A bitcoin também permite escapar à regulamentação graças ao anonimato quase total das transacções. Tornou-se assim o porta-estandarte do movimento libertário nos Estados Unidos, que defende o individualismo desenfreado e castiga o Estado. Tem um grande número de seguidores no Silicon Valley. Entre os seus promotores mais fervorosos estão muitos veteranos do Partido Libertário, como Ronald Paul, mais conhecido como Ron Paul, um antigo candidato nas primárias republicanas para a presidência dos EUA em 2008 e 2012 e um fervoroso defensor do padrão ouro, bem como uma série de empresários «tecno-utopistas» que afirmam fazer parte deste movimento.

Entre eles está o caprichoso dono da fabricante de carros eléctricos Tesla, Elon Musk. Outro exemplo é John McAfee, que morreu em 2021, tendo feito fortuna com o software anti-vírus com o seu nome, e que se tornou um dos gurus das moedas criptográficas alternativas. Próximo do Partido Libertário, não tinha conseguido em 2016 e novamente em 2020 ser o seu candidato indigitado para as eleições presidenciais. Roger Ver, outro milionário libertário, é conhecido como «Jesus Bitcoin» pelo seu activismo em nome da moeda criptográfica. É o proprietário do portal Bitcoin.com, que fornece notícias e uma variedade de serviços relacionados com o comércio de divisas criptográficas. 

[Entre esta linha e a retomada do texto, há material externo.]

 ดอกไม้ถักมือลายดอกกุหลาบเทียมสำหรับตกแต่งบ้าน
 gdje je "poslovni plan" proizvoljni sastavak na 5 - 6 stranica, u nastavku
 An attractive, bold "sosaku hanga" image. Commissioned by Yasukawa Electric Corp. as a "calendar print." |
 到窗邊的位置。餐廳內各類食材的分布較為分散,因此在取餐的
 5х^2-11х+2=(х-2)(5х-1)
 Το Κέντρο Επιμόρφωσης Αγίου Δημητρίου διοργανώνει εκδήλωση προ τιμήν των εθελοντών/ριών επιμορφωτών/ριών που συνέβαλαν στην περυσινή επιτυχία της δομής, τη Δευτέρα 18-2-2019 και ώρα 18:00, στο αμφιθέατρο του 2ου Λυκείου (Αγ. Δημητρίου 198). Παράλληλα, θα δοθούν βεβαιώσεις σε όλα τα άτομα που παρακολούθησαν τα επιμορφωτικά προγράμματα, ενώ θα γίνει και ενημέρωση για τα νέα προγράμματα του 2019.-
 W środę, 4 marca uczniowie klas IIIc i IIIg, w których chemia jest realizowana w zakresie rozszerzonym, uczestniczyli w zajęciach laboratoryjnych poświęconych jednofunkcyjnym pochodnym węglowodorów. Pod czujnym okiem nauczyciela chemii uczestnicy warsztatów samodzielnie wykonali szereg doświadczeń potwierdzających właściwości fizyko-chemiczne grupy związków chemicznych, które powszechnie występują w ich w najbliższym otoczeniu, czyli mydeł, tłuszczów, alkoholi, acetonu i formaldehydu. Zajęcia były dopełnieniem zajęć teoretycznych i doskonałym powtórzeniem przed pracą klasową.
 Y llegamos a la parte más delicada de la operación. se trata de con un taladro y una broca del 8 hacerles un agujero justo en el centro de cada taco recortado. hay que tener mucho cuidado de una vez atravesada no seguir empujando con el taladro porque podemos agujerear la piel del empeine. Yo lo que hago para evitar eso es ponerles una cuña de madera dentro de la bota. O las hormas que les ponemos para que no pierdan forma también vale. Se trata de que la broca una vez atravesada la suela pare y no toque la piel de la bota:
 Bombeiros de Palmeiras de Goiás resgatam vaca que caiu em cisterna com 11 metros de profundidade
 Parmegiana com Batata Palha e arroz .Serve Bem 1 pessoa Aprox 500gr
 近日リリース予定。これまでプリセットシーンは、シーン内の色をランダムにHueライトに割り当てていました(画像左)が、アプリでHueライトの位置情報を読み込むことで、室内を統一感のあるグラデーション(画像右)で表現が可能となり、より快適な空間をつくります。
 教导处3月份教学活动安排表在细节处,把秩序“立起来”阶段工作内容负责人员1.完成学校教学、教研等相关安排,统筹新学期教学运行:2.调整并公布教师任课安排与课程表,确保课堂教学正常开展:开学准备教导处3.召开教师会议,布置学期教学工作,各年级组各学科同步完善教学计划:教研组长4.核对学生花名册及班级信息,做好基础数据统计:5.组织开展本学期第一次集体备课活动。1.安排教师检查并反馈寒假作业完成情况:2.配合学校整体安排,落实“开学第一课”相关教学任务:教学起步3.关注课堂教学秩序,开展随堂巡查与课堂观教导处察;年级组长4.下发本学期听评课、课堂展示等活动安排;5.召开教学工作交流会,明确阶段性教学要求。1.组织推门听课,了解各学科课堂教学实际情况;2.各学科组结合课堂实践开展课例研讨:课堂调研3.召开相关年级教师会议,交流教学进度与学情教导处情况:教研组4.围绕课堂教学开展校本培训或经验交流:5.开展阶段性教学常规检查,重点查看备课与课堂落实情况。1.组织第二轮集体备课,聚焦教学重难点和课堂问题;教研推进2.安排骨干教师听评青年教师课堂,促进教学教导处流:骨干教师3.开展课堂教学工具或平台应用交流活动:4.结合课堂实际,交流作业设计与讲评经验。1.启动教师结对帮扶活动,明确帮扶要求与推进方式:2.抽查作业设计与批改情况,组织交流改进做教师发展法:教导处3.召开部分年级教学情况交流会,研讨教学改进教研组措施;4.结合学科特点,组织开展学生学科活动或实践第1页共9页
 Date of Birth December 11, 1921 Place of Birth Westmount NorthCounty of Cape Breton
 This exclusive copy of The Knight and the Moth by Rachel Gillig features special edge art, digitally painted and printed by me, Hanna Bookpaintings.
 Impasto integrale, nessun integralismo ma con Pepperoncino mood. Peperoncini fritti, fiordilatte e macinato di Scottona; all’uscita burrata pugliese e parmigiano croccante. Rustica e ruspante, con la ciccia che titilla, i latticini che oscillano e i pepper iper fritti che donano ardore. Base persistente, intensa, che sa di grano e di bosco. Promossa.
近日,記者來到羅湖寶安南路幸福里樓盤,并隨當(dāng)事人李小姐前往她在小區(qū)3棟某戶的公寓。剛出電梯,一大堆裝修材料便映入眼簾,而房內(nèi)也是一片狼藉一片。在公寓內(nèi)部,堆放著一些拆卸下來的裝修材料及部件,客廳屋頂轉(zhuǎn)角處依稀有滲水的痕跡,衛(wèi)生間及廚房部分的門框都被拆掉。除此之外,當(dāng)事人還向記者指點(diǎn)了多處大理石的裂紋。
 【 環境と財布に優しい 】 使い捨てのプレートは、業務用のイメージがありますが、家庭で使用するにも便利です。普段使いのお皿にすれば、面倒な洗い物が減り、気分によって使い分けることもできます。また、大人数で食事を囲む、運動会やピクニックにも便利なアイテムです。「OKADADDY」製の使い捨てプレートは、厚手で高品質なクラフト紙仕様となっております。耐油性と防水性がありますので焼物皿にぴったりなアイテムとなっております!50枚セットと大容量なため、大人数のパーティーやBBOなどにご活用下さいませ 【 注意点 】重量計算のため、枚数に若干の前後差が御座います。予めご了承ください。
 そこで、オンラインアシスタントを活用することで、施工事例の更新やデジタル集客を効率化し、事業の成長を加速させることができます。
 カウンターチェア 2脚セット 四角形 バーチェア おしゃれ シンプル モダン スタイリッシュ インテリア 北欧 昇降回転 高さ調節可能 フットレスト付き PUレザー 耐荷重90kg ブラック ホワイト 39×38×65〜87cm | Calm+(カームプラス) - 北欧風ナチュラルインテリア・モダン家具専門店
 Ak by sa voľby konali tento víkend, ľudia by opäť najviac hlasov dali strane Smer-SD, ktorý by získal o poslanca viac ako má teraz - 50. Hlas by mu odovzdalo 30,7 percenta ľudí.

A destruição do planeta tem moeda

De acordo com o Índice de Consumo de Energia Bitcoin da Universidade de Cambridge, em meados de Novembro de 2021, os mineiros de Bitcoin consumiriam 120 terawatt horas por ano, um valor próximo do consumo anual de electricidade da Suécia . Segundo cálculos de Alex de Vries, um economista do banco central holandês, o consumo de centenas de milhares de computadores dedicados à «mineração» provocaria a libertação de 64 milhões de toneladas de dióxido de carbono (CO2) na atmosfera todos os anos. E uma única transacção de bitcoin emitiria tanto CO2 como 1,8 milhões de pagamentos Visa.

O problema com as moedas criptográficas é que à medida que mais e mais são «cunhadas», o código do bloco subsequente na cadeia torna-se cada vez mais complexo, exigindo computadores cada vez mais poderosos para o decifrar. Isto significa que quem possuir os computadores mais avançados é capaz de extrair o maior número de fichas.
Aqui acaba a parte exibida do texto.